A single number is required: the count of lines in the following entries that include the word "double".
⁂
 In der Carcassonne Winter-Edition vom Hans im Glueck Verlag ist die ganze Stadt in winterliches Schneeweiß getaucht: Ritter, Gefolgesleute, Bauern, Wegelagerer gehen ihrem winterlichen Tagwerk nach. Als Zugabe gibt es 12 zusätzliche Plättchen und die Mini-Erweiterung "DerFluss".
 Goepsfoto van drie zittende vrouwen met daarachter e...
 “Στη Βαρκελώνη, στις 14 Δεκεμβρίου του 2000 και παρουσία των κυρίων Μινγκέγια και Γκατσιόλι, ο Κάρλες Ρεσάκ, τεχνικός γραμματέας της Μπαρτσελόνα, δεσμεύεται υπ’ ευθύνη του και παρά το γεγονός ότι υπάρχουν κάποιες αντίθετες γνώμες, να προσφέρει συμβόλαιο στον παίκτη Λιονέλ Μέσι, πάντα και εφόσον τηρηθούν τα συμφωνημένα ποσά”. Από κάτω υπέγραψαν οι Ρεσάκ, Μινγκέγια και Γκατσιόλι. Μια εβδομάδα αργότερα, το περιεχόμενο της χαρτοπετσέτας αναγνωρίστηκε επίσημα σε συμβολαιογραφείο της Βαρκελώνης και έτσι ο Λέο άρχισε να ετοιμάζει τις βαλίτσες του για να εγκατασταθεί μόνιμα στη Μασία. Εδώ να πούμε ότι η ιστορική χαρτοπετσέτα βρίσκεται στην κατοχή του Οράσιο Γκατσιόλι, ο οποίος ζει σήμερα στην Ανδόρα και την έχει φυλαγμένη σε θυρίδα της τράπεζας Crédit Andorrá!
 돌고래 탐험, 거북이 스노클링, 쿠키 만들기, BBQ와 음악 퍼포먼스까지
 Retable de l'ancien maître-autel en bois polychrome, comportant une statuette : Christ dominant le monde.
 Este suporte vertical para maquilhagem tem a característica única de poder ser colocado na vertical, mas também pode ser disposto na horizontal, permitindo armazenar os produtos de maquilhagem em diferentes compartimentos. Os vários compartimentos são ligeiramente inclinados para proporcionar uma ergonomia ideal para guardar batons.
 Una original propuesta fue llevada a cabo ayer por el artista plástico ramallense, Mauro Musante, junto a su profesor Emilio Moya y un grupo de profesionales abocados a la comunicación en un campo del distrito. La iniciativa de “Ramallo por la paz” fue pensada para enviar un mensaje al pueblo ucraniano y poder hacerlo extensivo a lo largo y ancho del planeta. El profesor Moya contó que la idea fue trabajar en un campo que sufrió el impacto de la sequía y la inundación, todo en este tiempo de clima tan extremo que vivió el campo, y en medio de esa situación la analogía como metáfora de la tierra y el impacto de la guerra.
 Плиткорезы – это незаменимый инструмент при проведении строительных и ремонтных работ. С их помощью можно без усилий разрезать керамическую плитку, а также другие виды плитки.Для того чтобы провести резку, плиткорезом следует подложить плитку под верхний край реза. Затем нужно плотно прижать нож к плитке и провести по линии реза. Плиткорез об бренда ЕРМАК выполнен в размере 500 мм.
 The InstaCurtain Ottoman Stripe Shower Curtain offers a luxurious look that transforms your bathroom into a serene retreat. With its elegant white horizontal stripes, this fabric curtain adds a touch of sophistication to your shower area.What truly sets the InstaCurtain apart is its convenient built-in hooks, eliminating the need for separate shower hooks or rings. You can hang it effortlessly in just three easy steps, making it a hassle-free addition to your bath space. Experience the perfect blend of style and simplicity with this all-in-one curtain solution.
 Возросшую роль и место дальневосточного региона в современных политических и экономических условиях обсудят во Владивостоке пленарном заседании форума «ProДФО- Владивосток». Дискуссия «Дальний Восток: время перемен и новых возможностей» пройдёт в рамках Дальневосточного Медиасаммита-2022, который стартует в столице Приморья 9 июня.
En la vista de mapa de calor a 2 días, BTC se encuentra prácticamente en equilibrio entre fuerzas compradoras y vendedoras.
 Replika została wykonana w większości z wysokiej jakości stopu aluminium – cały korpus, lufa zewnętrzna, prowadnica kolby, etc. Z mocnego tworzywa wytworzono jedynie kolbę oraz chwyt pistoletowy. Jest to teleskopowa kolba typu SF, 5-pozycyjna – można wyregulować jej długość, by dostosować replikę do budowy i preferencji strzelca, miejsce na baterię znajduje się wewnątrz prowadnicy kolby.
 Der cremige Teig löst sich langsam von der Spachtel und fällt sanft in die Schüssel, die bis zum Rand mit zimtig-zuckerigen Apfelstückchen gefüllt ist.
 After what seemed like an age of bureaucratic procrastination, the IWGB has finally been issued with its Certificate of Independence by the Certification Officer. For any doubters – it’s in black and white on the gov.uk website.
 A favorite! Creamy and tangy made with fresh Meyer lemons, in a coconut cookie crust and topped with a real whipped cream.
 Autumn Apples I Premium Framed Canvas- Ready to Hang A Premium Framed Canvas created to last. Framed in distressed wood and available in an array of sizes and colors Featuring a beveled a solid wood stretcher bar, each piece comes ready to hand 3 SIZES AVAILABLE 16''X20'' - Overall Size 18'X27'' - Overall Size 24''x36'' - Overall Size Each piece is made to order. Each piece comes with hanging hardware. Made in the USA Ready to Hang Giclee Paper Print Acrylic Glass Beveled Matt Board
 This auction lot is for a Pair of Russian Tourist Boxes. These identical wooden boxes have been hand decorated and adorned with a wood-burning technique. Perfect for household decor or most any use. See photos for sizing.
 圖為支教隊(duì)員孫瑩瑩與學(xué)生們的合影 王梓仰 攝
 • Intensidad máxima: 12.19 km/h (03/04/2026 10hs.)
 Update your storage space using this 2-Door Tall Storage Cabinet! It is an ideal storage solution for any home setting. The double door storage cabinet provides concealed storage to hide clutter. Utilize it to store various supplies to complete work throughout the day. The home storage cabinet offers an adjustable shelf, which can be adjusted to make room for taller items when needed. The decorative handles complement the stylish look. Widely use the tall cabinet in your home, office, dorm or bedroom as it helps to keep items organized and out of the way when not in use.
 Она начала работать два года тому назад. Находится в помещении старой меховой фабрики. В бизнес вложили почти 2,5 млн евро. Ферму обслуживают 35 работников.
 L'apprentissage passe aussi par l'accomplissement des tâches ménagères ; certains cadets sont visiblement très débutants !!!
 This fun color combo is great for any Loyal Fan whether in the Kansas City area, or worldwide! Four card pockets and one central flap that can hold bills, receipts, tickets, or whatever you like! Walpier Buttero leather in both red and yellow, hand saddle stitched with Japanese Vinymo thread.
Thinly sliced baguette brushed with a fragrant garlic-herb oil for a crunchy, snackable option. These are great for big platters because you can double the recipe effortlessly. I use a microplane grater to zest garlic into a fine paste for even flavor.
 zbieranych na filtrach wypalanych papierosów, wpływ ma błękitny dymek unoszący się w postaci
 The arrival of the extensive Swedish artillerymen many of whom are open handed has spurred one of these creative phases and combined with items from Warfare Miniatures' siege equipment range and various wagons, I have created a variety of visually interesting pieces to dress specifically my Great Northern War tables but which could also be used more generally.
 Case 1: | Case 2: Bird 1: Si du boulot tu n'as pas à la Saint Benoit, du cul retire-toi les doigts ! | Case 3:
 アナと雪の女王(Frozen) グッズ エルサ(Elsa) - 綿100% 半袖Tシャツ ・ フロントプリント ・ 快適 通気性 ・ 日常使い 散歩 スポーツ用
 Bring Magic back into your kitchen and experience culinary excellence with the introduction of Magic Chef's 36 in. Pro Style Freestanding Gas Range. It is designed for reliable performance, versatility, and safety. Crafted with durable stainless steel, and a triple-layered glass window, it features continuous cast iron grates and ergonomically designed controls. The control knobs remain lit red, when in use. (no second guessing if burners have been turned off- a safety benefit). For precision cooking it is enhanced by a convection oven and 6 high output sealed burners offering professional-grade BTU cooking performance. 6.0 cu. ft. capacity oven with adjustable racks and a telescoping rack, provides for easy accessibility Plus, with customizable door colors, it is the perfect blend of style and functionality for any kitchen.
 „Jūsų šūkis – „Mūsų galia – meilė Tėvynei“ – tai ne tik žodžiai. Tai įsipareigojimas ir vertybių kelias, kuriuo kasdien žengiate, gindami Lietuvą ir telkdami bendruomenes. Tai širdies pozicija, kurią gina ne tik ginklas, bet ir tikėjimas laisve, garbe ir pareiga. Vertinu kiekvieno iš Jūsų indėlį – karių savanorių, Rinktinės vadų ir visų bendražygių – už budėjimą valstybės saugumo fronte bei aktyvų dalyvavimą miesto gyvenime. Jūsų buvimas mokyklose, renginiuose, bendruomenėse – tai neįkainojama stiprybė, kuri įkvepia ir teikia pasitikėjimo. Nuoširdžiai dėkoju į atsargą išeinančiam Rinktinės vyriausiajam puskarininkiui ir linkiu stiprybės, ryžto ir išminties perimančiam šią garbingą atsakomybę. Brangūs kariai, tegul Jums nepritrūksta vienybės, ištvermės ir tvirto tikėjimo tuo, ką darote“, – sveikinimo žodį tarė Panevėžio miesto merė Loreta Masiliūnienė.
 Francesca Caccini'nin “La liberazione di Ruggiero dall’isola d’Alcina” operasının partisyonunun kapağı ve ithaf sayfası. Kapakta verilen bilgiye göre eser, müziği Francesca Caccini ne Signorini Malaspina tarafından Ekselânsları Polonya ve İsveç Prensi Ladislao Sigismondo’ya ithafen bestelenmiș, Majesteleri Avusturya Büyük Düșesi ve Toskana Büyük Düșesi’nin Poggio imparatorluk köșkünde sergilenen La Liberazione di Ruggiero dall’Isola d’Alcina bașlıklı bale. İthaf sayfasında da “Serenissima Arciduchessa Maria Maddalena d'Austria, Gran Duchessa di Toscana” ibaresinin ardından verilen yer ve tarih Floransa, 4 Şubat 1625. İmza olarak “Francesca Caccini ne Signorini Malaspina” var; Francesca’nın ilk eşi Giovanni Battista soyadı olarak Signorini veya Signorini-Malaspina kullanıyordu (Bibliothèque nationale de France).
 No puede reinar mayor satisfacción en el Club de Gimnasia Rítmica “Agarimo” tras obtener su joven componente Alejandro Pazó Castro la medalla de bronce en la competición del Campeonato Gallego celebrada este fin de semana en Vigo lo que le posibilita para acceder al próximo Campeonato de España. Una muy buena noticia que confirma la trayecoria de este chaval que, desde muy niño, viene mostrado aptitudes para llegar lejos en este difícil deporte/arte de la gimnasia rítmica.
⁂
→ EXERCISE SOLUTION: 2